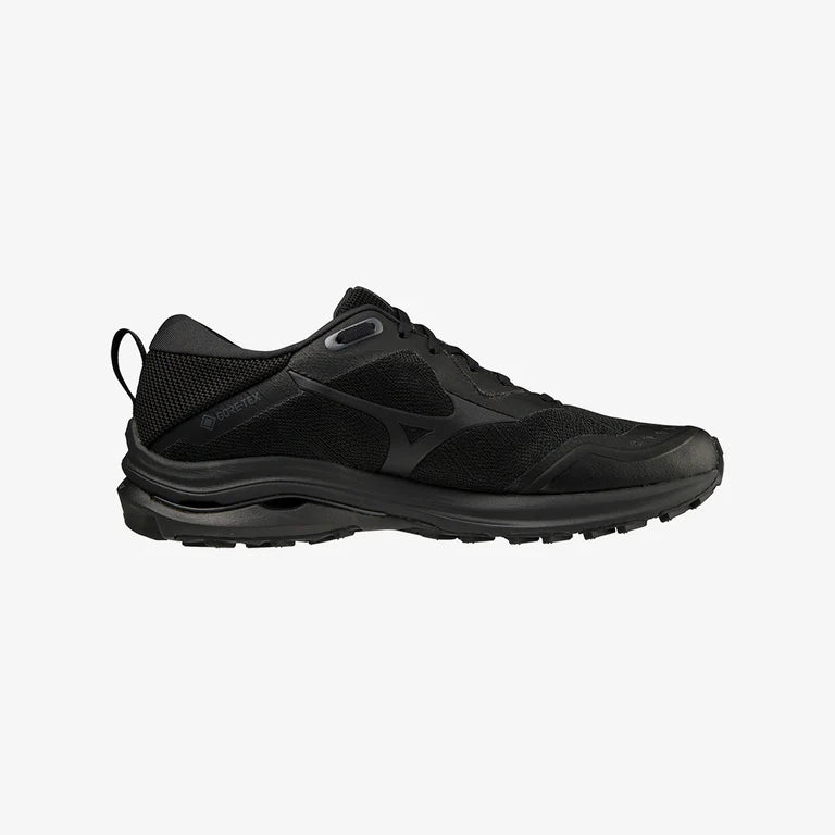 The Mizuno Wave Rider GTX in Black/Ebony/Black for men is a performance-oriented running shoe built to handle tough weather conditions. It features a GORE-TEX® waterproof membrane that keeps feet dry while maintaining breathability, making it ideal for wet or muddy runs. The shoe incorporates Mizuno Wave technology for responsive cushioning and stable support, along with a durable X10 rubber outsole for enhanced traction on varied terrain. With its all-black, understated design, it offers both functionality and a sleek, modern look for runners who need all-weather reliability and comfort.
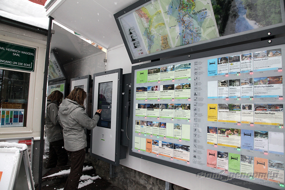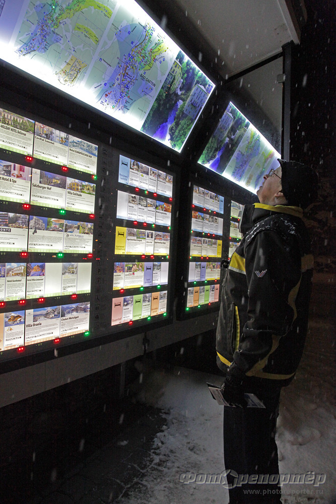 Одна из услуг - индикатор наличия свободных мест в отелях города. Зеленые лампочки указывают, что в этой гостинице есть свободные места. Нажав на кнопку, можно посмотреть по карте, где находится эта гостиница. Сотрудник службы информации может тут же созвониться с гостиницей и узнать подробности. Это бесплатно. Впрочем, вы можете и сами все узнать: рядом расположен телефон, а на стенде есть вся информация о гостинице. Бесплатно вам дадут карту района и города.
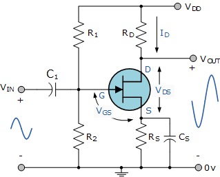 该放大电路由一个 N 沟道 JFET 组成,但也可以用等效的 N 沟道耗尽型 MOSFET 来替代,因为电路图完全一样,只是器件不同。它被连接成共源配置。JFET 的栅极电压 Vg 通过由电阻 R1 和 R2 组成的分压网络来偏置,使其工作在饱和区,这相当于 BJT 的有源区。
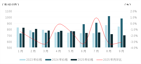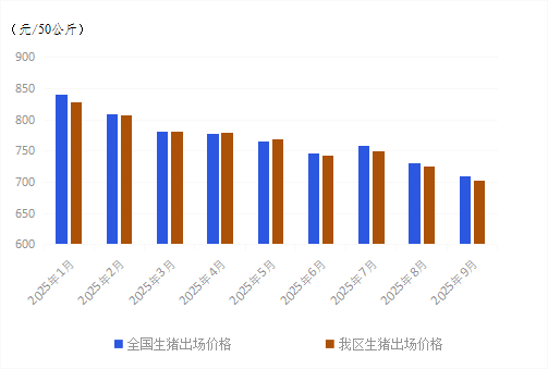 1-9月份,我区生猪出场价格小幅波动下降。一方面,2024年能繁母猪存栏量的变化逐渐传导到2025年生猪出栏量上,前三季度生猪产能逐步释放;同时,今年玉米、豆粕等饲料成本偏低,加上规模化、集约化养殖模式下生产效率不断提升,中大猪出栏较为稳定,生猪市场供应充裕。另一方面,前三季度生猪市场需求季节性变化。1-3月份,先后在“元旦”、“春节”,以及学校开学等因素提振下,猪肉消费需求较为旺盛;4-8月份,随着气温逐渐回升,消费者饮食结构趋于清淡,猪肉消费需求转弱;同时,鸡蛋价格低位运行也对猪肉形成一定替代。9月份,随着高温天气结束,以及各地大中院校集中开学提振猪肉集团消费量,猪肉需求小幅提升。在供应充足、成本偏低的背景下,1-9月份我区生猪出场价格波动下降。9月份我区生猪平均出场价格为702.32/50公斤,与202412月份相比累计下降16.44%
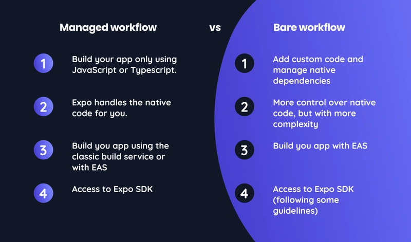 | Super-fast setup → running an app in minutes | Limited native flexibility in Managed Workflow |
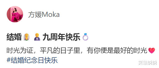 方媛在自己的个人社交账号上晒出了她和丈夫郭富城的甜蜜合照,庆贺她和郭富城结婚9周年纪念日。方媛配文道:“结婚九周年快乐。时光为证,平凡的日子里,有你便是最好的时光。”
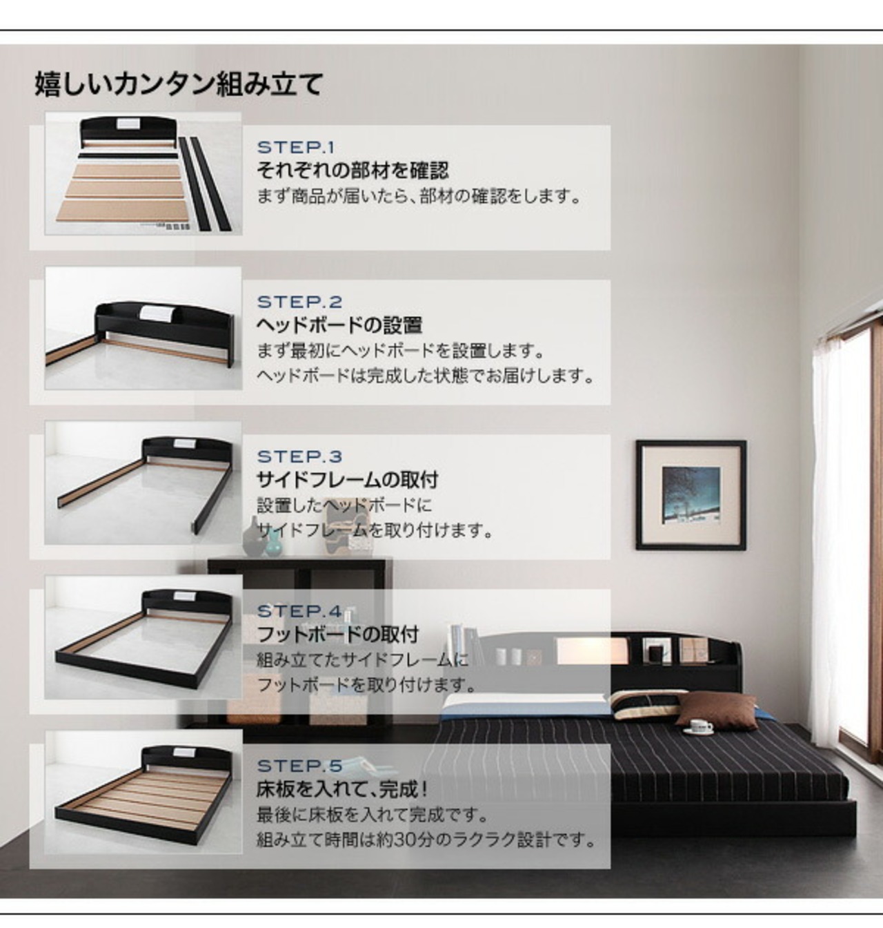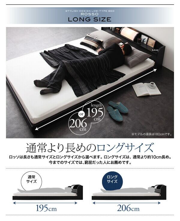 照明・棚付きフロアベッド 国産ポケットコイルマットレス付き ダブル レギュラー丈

● ● ● ● ●

→ What to work on: Please repeat, exactly and with nothing else, the lines from the one containing "Одна из услуг" to the last line of the entries, both included, excluding any pictures.

→ Solution to the exercise:
 Одна из услуг - индикатор наличия свободных мест в отелях города. Зеленые лампочки указывают, что в этой гостинице есть свободные места. Нажав на кнопку, можно посмотреть по карте, где находится эта гостиница. Сотрудник службы информации может тут же созвониться с гостиницей и узнать подробности. Это бесплатно. Впрочем, вы можете и сами все узнать: рядом расположен телефон, а на стенде есть вся информация о гостинице. Бесплатно вам дадут карту района и города.
 该放大电路由一个 N 沟道 JFET 组成,但也可以用等效的 N 沟道耗尽型 MOSFET 来替代,因为电路图完全一样,只是器件不同。它被连接成共源配置。JFET 的栅极电压 Vg 通过由电阻 R1 和 R2 组成的分压网络来偏置,使其工作在饱和区,这相当于 BJT 的有源区。
 1-9月份,我区生猪出场价格小幅波动下降。一方面,2024年能繁母猪存栏量的变化逐渐传导到2025年生猪出栏量上,前三季度生猪产能逐步释放;同时,今年玉米、豆粕等饲料成本偏低,加上规模化、集约化养殖模式下生产效率不断提升,中大猪出栏较为稳定,生猪市场供应充裕。另一方面,前三季度生猪市场需求季节性变化。1-3月份,先后在“元旦”、“春节”,以及学校开学等因素提振下,猪肉消费需求较为旺盛;4-8月份,随着气温逐渐回升,消费者饮食结构趋于清淡,猪肉消费需求转弱;同时,鸡蛋价格低位运行也对猪肉形成一定替代。9月份,随着高温天气结束,以及各地大中院校集中开学提振猪肉集团消费量,猪肉需求小幅提升。在供应充足、成本偏低的背景下,1-9月份我区生猪出场价格波动下降。9月份我区生猪平均出场价格为702.32/50公斤,与202412月份相比累计下降16.44%
 | Super-fast setup → running an app in minutes | Limited native flexibility in Managed Workflow |
 方媛在自己的个人社交账号上晒出了她和丈夫郭富城的甜蜜合照,庆贺她和郭富城结婚9周年纪念日。方媛配文道:“结婚九周年快乐。时光为证,平凡的日子里,有你便是最好的时光。”
 照明・棚付きフロアベッド 国産ポケットコイルマットレス付き ダブル レギュラー丈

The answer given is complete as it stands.